わが街に病院があり、24時間365日いつでも高水準の医療が提供できる、という医療体制はとても素晴らしい。しかし、コスト、アクセス、クオリティの3つのうち2つまでしか満たせないという「オレゴンルール」がある。
もっとくだけた言い方をすれば、早い、安い、うまいの3つが満たせるのは牛丼だけだということだ。
これが難しいことは、おなじ兵庫県にある三田市民病院と済生会兵庫県病院の合併をめぐる問題をみれば分かる。
そして、はやり同じ兵庫県内で起こった、若い医師の自死の問題は、24時間365日の医療提供が、医師の尋常ではない過重労働にささえられていたことをあらわにした。
医療関係者、そして何より、患者さんや地域住民も含め、少子高齢化や人口減少などもふまえ、これからの医療体制をどうしていくべきかを考えていかなければ、医療も国も持たないところまで来ている。
赤穂市民病院で起こったことは、こうした医療体制の歪み、矛盾とつながっているということも考えなければならない。

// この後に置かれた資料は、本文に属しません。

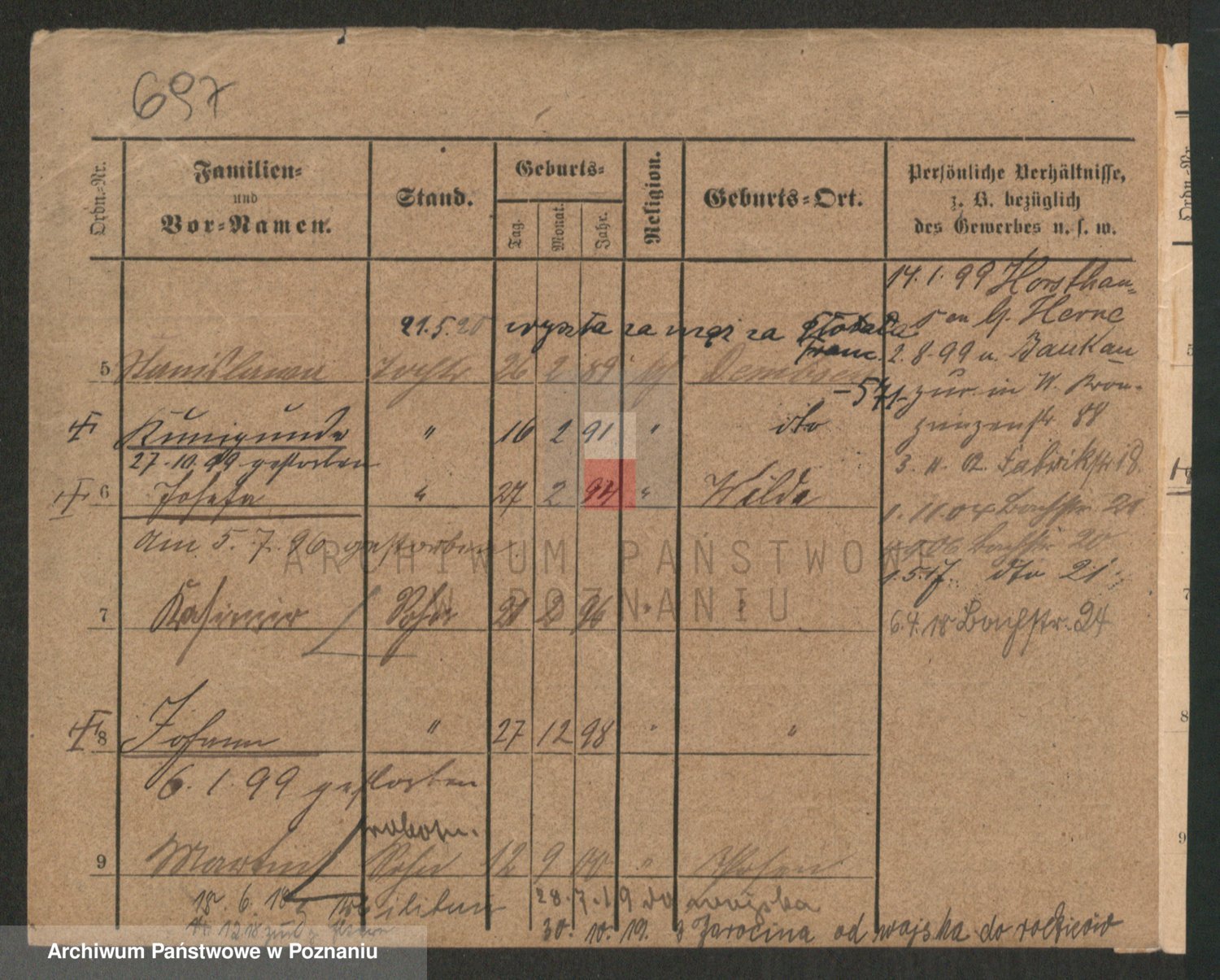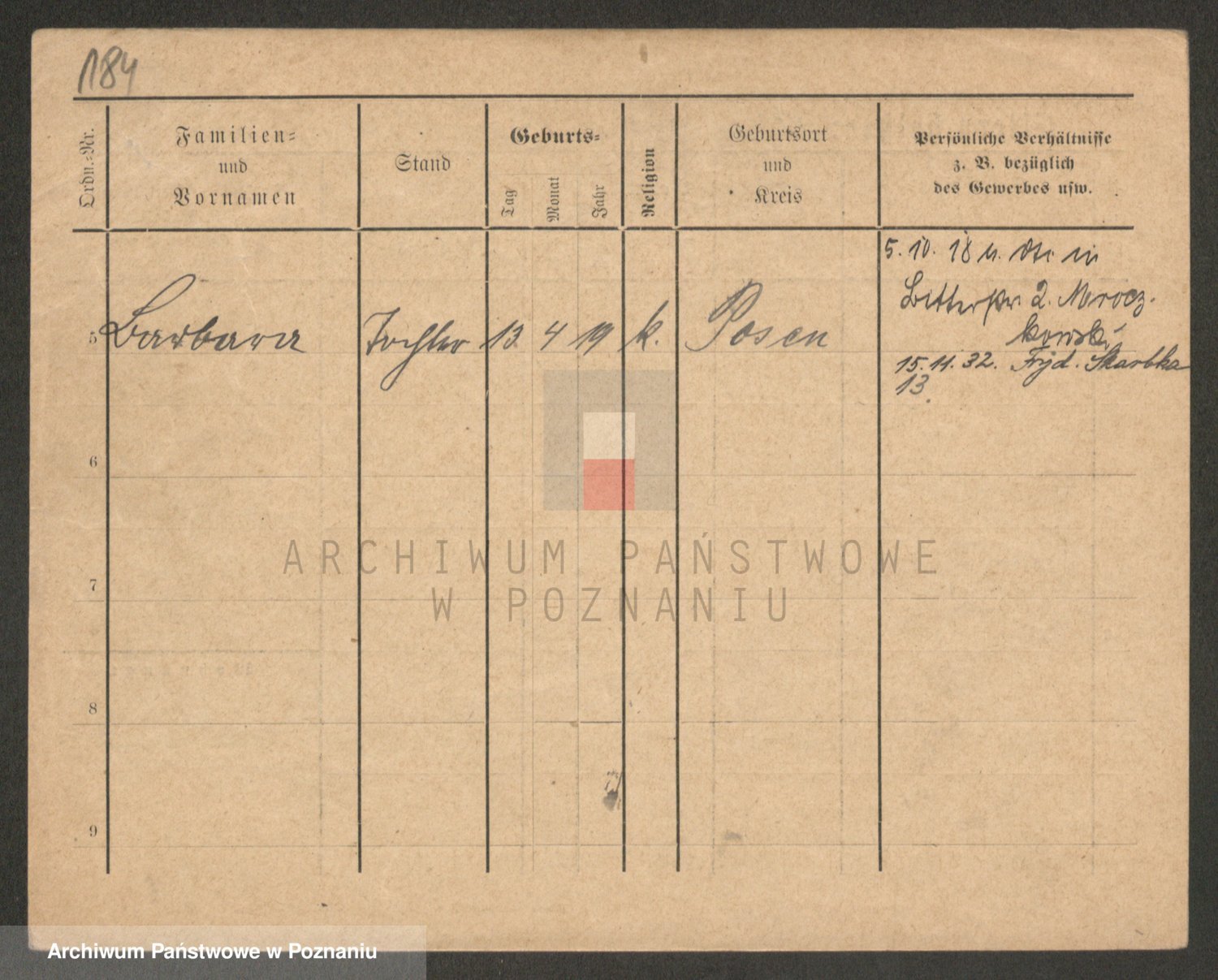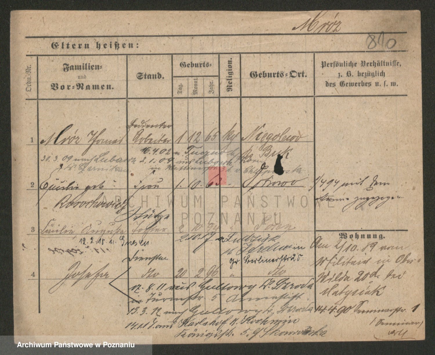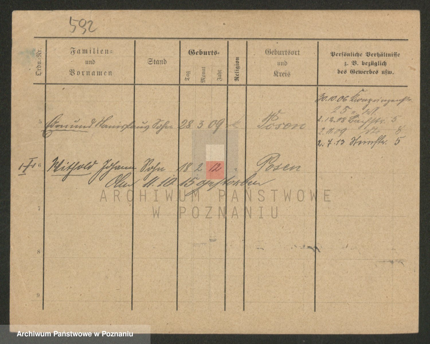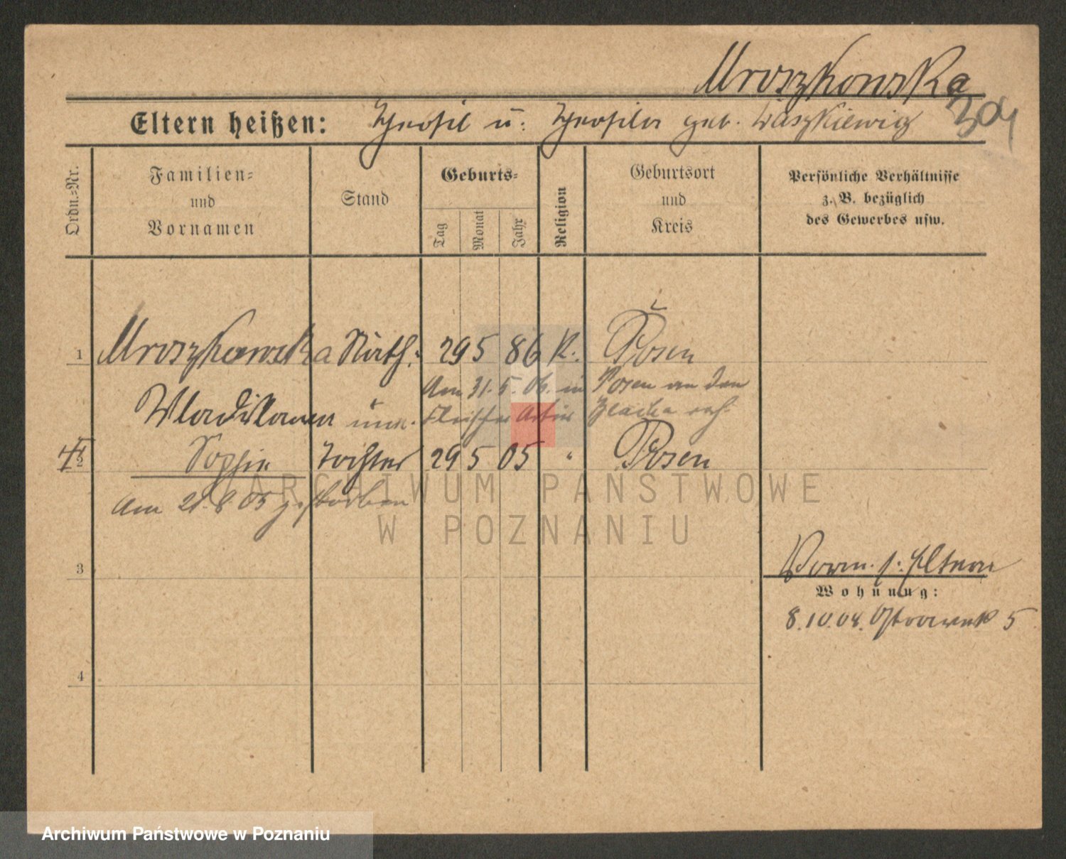 Podgląd karty osobowej dostępny jest po kliknięciu na nazwisko lub ikonkę karty. Można dokonywać powiększenia (ikony na górze) lub przechodzić między kolejnymi skanami (strzałki po bokach).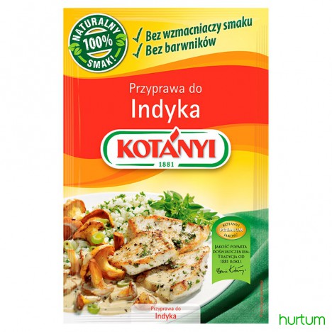 Starannie wyselekcjonowane składniki Przyprawy do Indyka Kotányi zapewniają wyjątkowy i bardzo aromatyczny smak potrawy. Kompozycja ta niezastąpiona jest do wszelkich dań z indyka.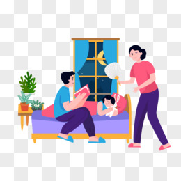 卡通手绘深夜爸爸读小故事哄孩子睡觉素材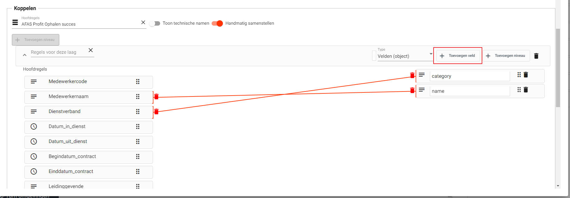 Wanneer dit gedaan is klik je op ‘Toevoegen niveau’ om een niveau aan de body toe te voegen. Vervolgens kan met ‘Toevoegen veld’ de gewenste velden toegevoegd worden. Geef het veld de naam die de documentatie voorschrijft en koppel deze aan een veld uit de dataset.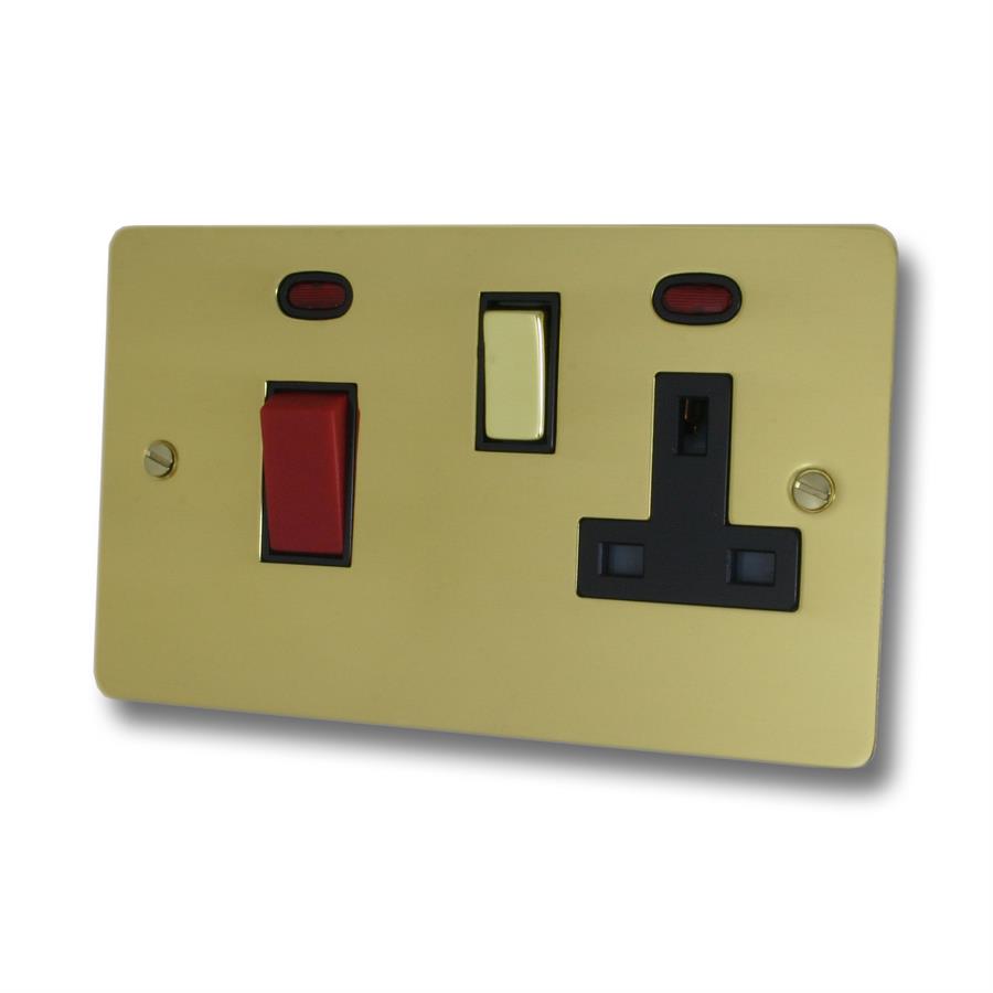 Flat Polished Brass Hand Waxed Cooker Switch with Socket (Brass Switch)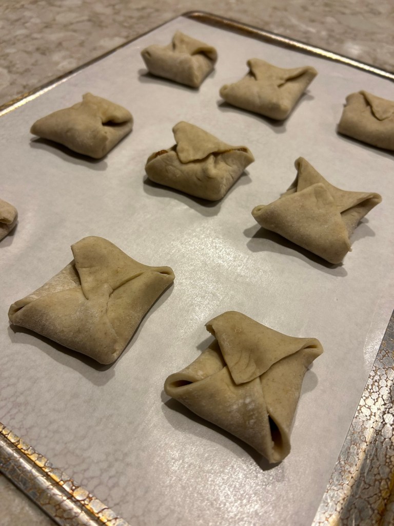 - Continue the process with the remaining dough and filling, placing the shaped kolaches on the parchment-lined baking sheets. For extra security, you can brush the corners with a little water.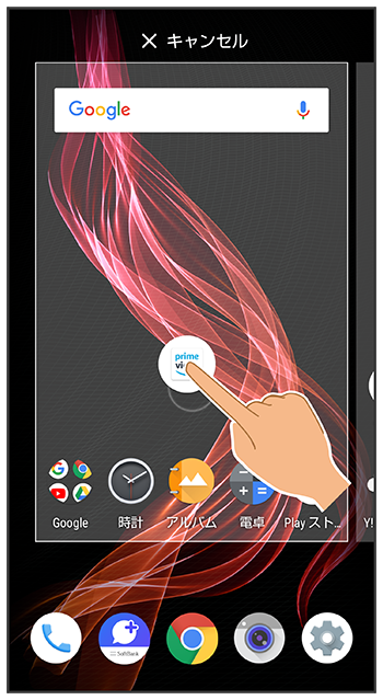 アプリ一覧画面でアプリをロングタッチし、「ホーム画面に追加」までドラッグ

もちろん、「一億総懺悔」みたいに、みんな罪人みたいなことにして、当事者を免責するというつもりはない。そこは勘違いしないでほしい。
このように、さまざまな構造の歪みをあらわにした赤穂市民病院。
もと常勤職員として、私自身この問題と向かい合い、発言を続けていく。これは決してお世話になった赤穂を裏切る行為ではない。理解されないかもしれないが、よりより病院、よりよい医療を作るために行動しているつもりだ。
これが、退職直前で知らなかったとはいえ、事故が起こったときに常勤職員であった自分自身の責任だと思っている。